Hi,
I've recently stumbled on info about NPD and believe I was raised by a Mother with many traits. An example - my son died at 4 weeks and she failed to come to the funeral as she couldn't "cope" (you get the idea!) Without therpay I've managed to work through a lot of issues caused by my upbringing and my DH and I are working hard to raise our family in a healthy way. However, I struggle with anxiety and would pursue therapy when I can afford to. I have confronted my parents and recieved the predictable response of outrage/denial. Contact is limited and controlled by me nowadays.
Ultimately I don't wish to dwell on the past and feel that my life is ok.
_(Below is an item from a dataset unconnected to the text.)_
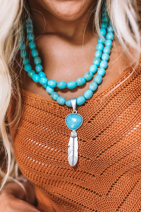 We have no doubt you will be "swept up" in how cute this gorgeous statement necklace is featuring two large turquoise beaded chains and a large turquoise pendant with an accent silver feather!

However, there is one legacy I'm left with which I hate. I find it so hard to form close relationships with women. I'm imagining it's not uncommon but it really makes me sad (and ashamed). I think I suffered from social anxiety as a teen and blushed/ couldn't make eye contact. I am now 90% confident in the presence of women (and have learnt decent social skills!) although I can't bear groups. However, I almost don't feel female myself as if my Mother has robbed me of my essence somehow. I crave female intimacy and have a couple of very close female friends who have sadly moved away (one to Australia). I usually feel that I'm on the fringe and have aquaintances... I guess I feel that women might dislike me and when they fail to call me I think this is what's happened. I also have a real radar for people with mental health issues and tend to shy away.
Is this a common difficulty and am I stuck with it?